# Lifestyles & Discussion > Family, Parenting & Education > Books & Literature >  Books with a libertarian society

## Dissent

Fiction or non fiction doesn't matter...would really like to read some...always looking for new stuff to read.

----------


## BuddyRey

"The Probability Broach" by L. Neil Smith is an absolute must-read!

There's a graphic novel version that you can read for free online, but I'd definitely recommend getting the full version as well.

----------


## Dissent

Sounds really good are any of his other books the same way? What about any other books with a libertarian society?

----------


## Pericles

Almost anythng by Heinlein.

----------


## BuddyRey

Yeah the Probability Broach is only the first in a series of novels called the North American Confederacy Series.  http://en.wikipedia.org/wiki/North_American_Confederacy

I haven't read any of the sequels or prequels, but the Probability Broach was frickin' amazing.  I'd reread my copy right now if it wasn't lost in storage.

----------


## Dissent

I put the first one on hold. If I like it I will buy the rest because my library system doesn't have them.

----------


## BuddyRey

Awesome!  Hope you enjoy it.  Let us know what you think!

----------


## mikeforliberty

Snow Crash by Neil Stephenson.  This book is hilarious.

----------


## Yukon Cornelius

Anything by Heinlen, some Neal Stephenson stuff.

The Dispossessed by Ursula K Guin is about some guy who was raised and lives on a socialist/communist planet but is taken to a libertarian type planet and his world is thrown upside down. Or something like that.

----------


## WilliamShrugged

Atlas Shrugged does but you will read about half the book before getting to it.

----------


## BuddyRey

Ditto on Atlas Shrugged.  That's one book every American should read at least once.

----------


## Sharper

Sharper Security is free for Kindle until Dec 27th. It's a near future thriller/action/mystery novel, but the main setting is post U.S. split into regional parts and most of the action takes place in a libertarian/anarcho-capitalist society. Search Amazon for it.

----------


## mad cow

> Sharper Security is free for Kindle until Dec 27th. It's a near future thriller/action/mystery novel, but the main setting is post U.S. split into regional parts and most of the action takes place in a libertarian/anarcho-capitalist society. Search Amazon for it.

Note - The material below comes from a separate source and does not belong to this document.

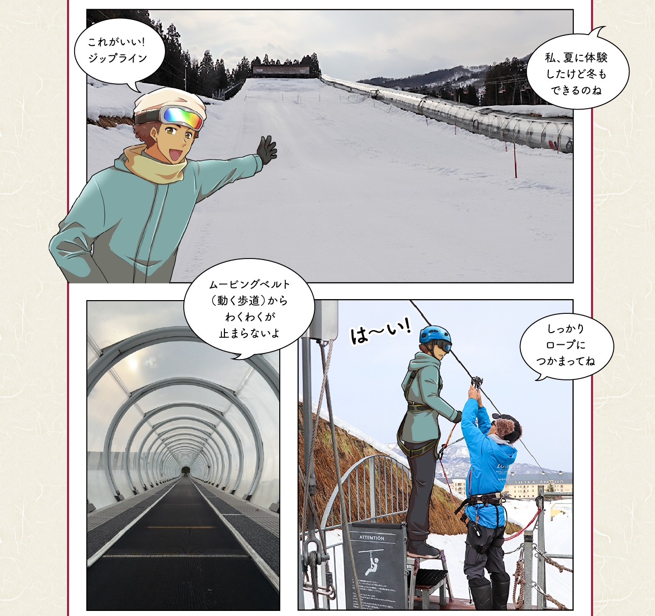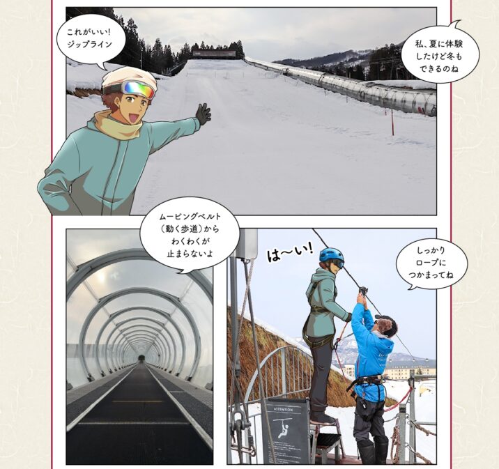 こちらのゲレンデではジップラインやスノーラフティングなど、多彩な雪上アクティビティが充実。スキーやスノーボードが滑れなくても楽しい時間が過ごせます。
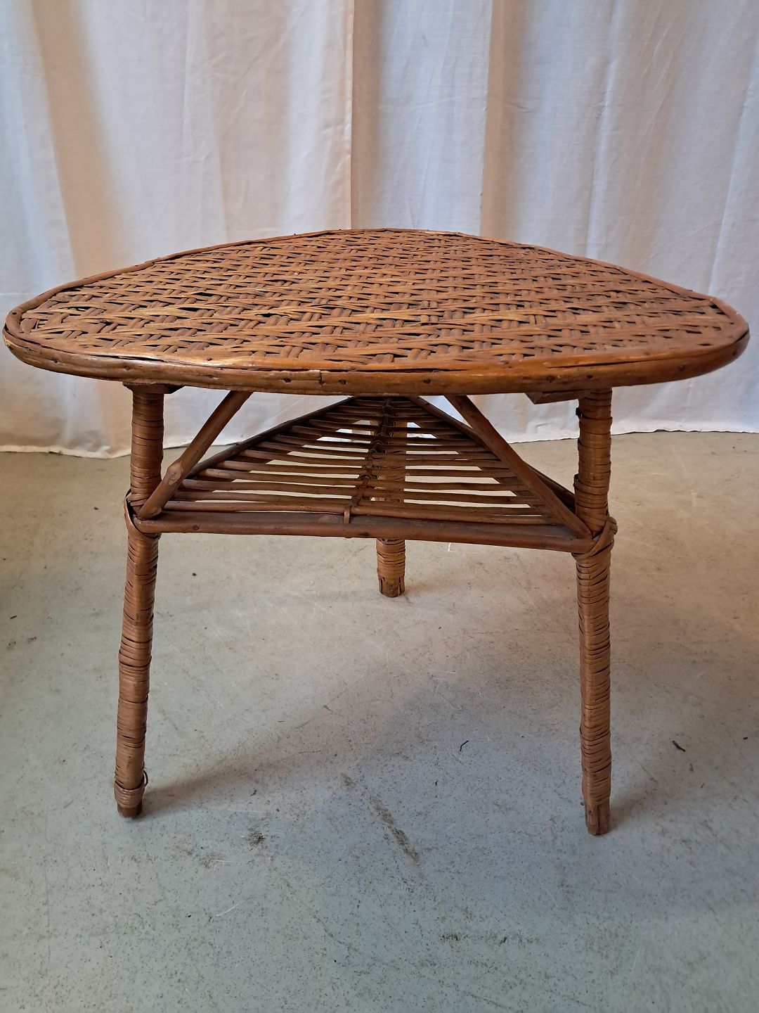 Bord i bambus og fyrretræ, fra 1970erne.Det har bruigsspor.

Thanks,bought it.Can't beat the price.

----------


## Yukon Cornelius

Darkship Thieves by Sarah Hoyt.

----------


## helmuth_hubener

The Moon is a Harsh Mistress

----------


## helmuth_hubener

An Enemy of the State, by F. Paul Wilson

The Girl Who Owned a City

Alongside Night

----------


## bolil

The Dispossessed by Ursula Le Guin, it represents a stateless society but not really an an cap society.  Also, she only attempts to convey how a stateless society would work on a very austere planet (not earth).

----------